- Required work:
As the answer, return precisely the lines from the one containing "Удирдлагын академийн 2025-2028" to the final line of the material below, inclusive, and omit every picture.

- Information shown:
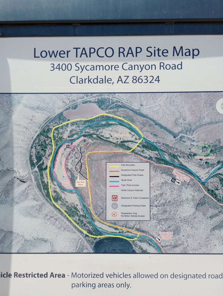 I first spotted the train trestle when I was driving on the other side of this location down towards the “Verde River Access Point TAPCO,” an historic power plant that operated from 1917 to 1958 – apparently in a river bend – in a place called “Sycamore Canyon,” yet another tree reference in a place loaded with tree references.
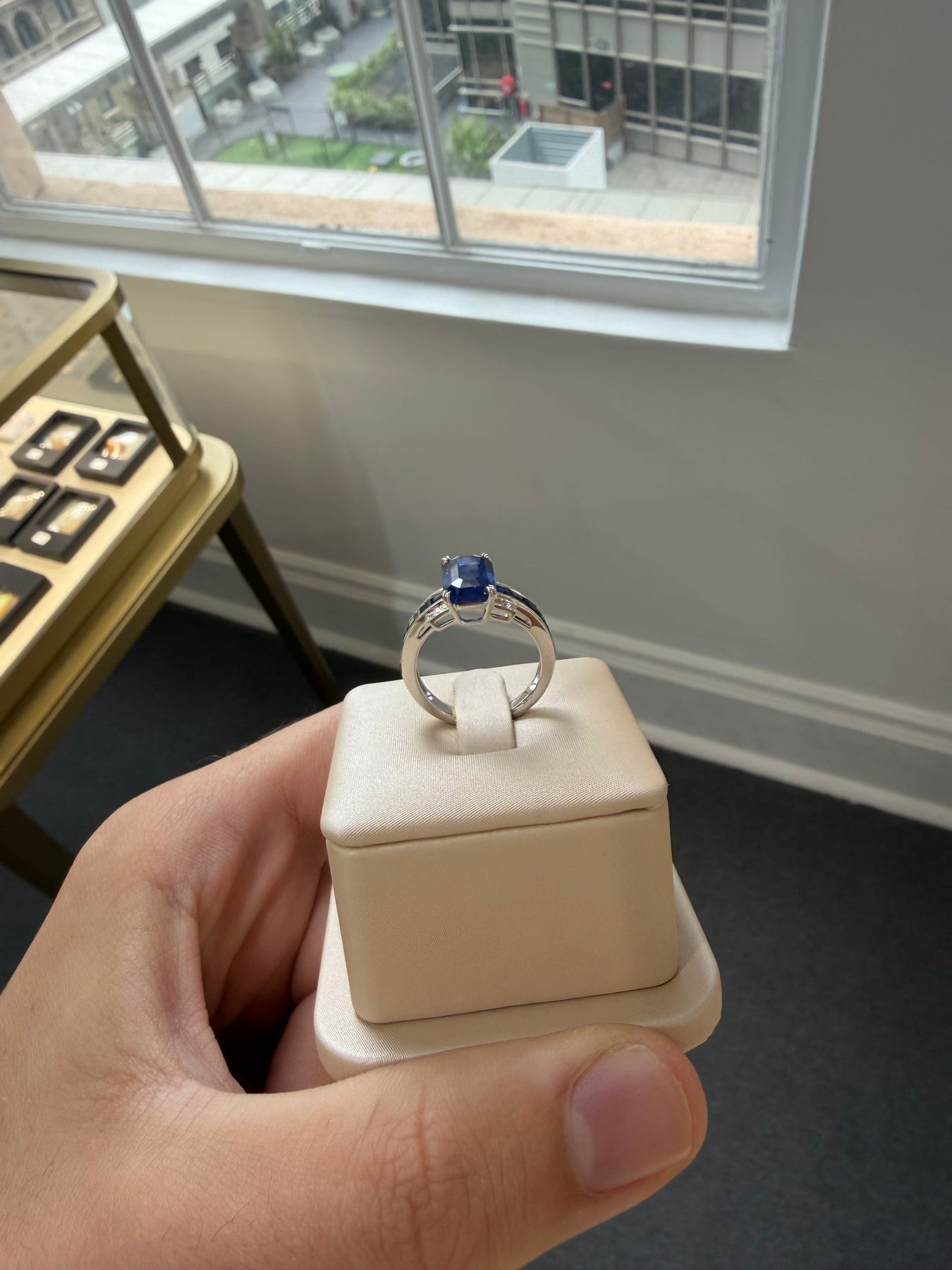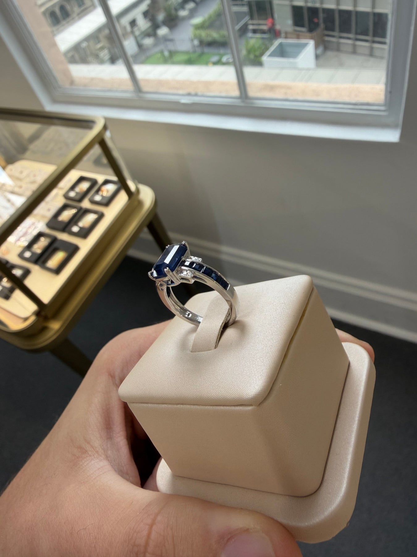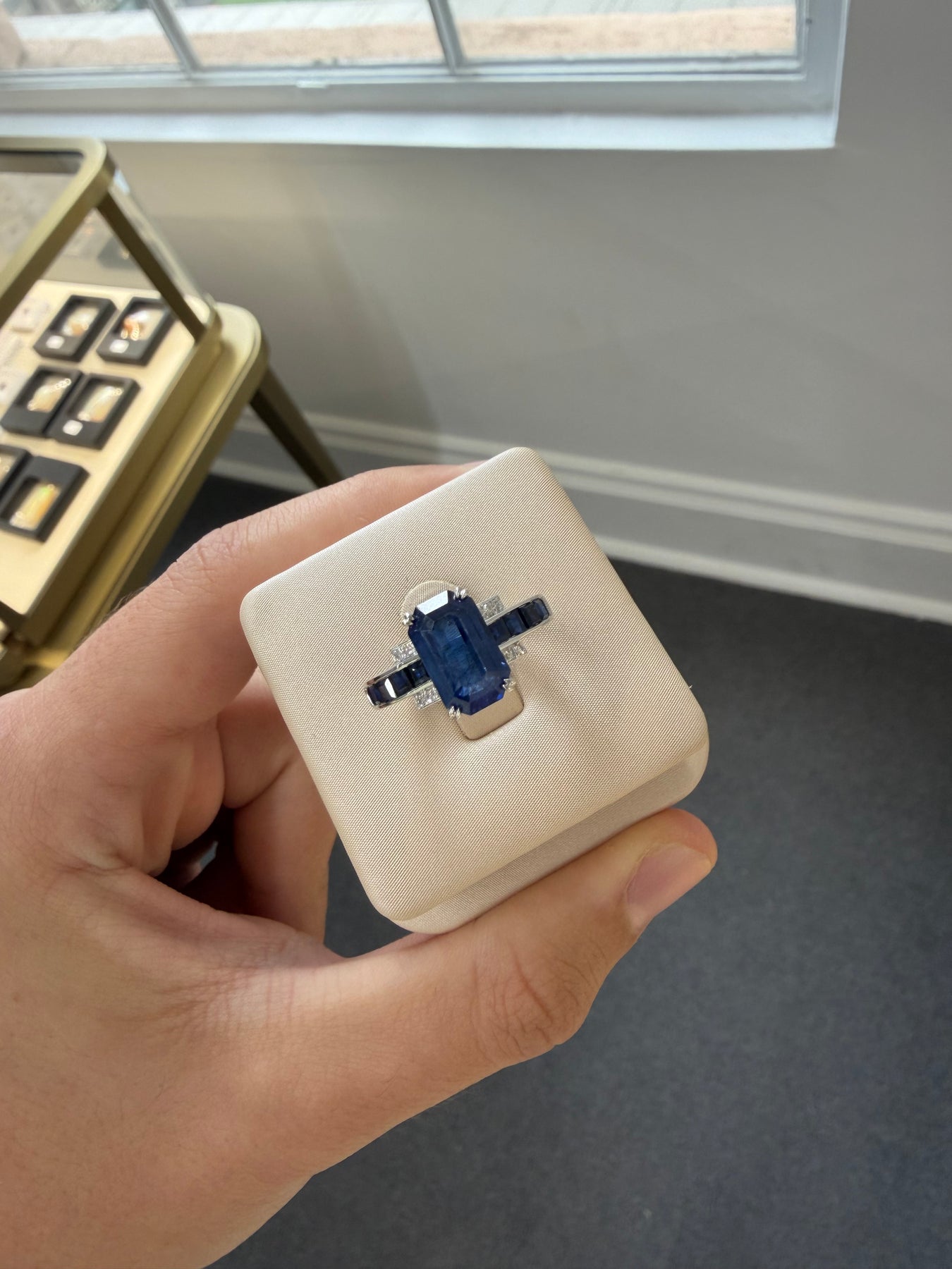 14ct white gold Ceylon sapphire and diamond dress ring featuring one (1) emerald shape four claw set sapphire on a basket setting with an upswept shoulder contain ten (10) square shape channel set sapphire along with twelve
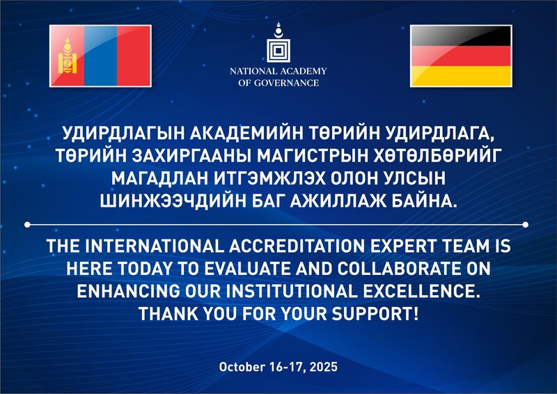 Удирдлагын академийн 2025-2028 оны стратеги төлөвлөгөөний “Боловсролын зэргийн сургалтын чанарыг нэмэгдүүлнэ” гэсэн стратегийн зорилтын хэрэгжилтийг ханган “Төрийн захиргаа”, “Төрийн удирдлага”-ын магистрын хөтөлбөрийг олон улсын түвшинд магадлан итгэмжлүүлэх ажлыг амжилттай зохион байгууллаа.
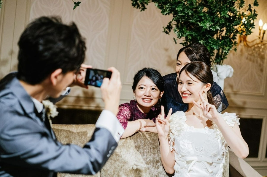 仲の良いご新婦とご友人との記念写真を、ご新郎自ら撮影なさっています。
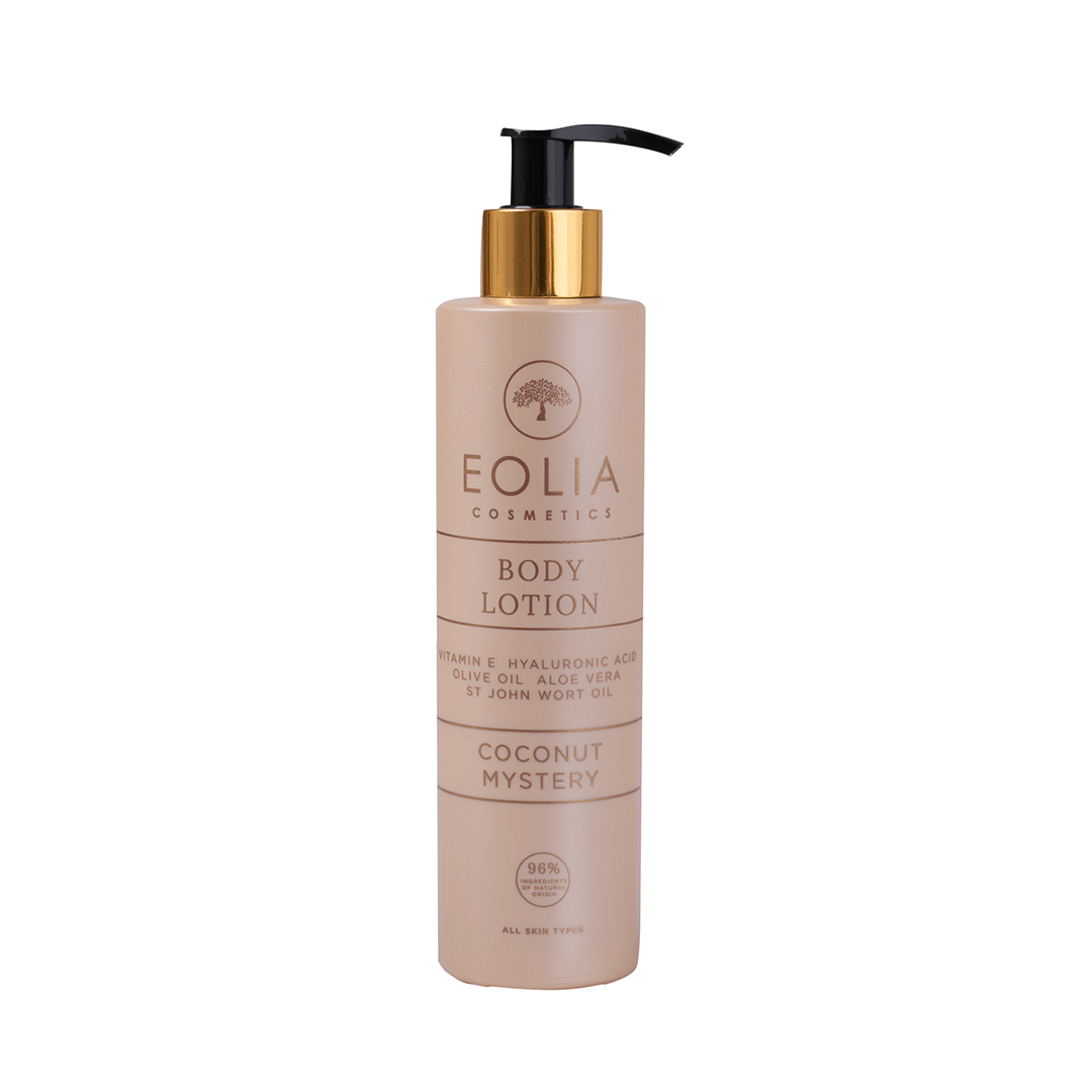 Eolia body lotion with hyaluronic acid, cold pressed olive oil, balsam oil, aloe and vitamin E.Its rich composition prevents the loss of moisture while moisturizingwith the tropical and mysterious aroma of coconut that seduces like a Greek sunny summer.
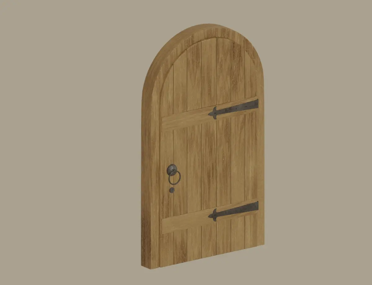 Materials: 2 - Old Wooden Arch Door, metal.
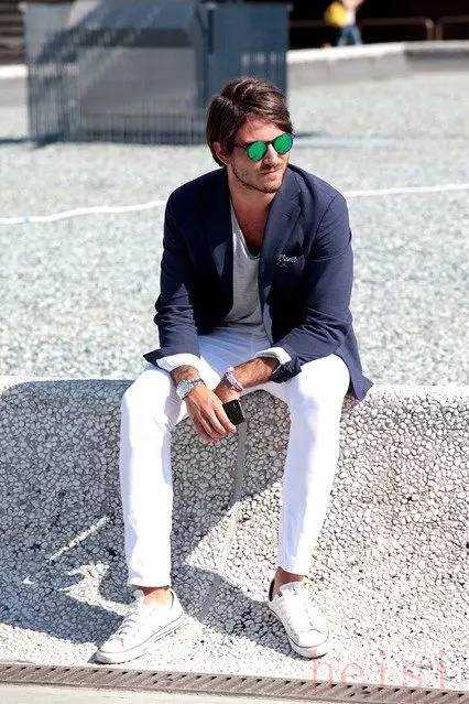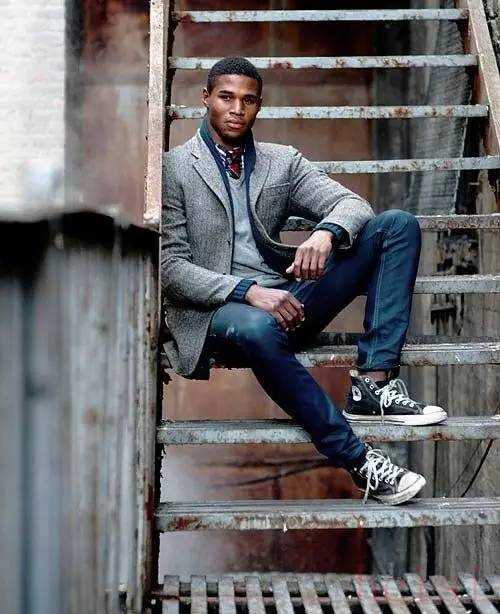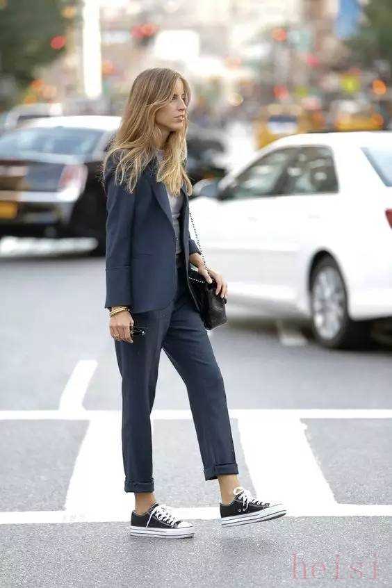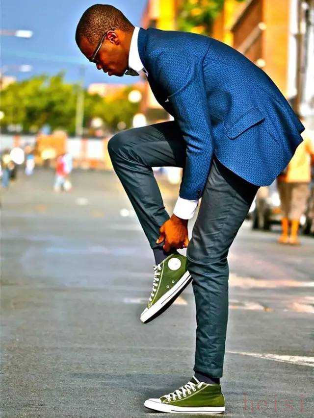 不信,那来看看,首先说西装,西装的标配自然是漆皮牛津鞋,不过当Converse如此火爆,又怎么能挡得住两者相配,通常,可以用休闲的棉质西装,消去西装的正式性,再用随性的帆布鞋相配,就非常得体。
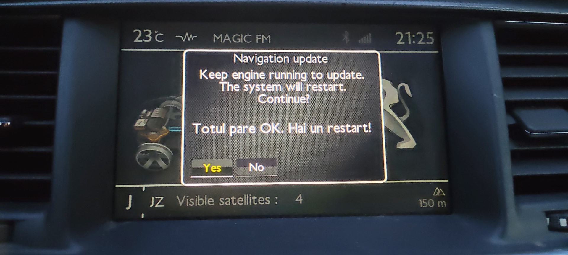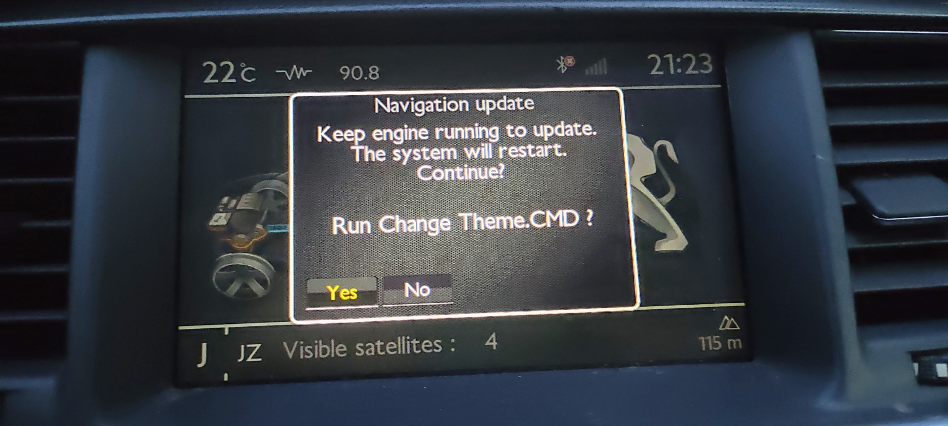 Il băgați în mașină și ar trebui sa pună tot felul de întrebări, răspundeți yes la toate și la sfârșit se va restarta. Va dura o perioada putin mai lunga restartul, cum apare leul (adica reporneste) scoateți stick-ul și noua tema va fi funcțională. Întrebările care vi se vor pune vor fi de genul:

- Expected answer:
 Удирдлагын академийн 2025-2028 оны стратеги төлөвлөгөөний “Боловсролын зэргийн сургалтын чанарыг нэмэгдүүлнэ” гэсэн стратегийн зорилтын хэрэгжилтийг ханган “Төрийн захиргаа”, “Төрийн удирдлага”-ын магистрын хөтөлбөрийг олон улсын түвшинд магадлан итгэмжлүүлэх ажлыг амжилттай зохион байгууллаа.
 仲の良いご新婦とご友人との記念写真を、ご新郎自ら撮影なさっています。
 Eolia body lotion with hyaluronic acid, cold pressed olive oil, balsam oil, aloe and vitamin E.Its rich composition prevents the loss of moisture while moisturizingwith the tropical and mysterious aroma of coconut that seduces like a Greek sunny summer.
 Materials: 2 - Old Wooden Arch Door, metal.
 不信,那来看看,首先说西装,西装的标配自然是漆皮牛津鞋,不过当Converse如此火爆,又怎么能挡得住两者相配,通常,可以用休闲的棉质西装,消去西装的正式性,再用随性的帆布鞋相配,就非常得体。
 Il băgați în mașină și ar trebui sa pună tot felul de întrebări, răspundeți yes la toate și la sfârșit se va restarta. Va dura o perioada putin mai lunga restartul, cum apare leul (adica reporneste) scoateți stick-ul și noua tema va fi funcțională. Întrebările care vi se vor pune vor fi de genul:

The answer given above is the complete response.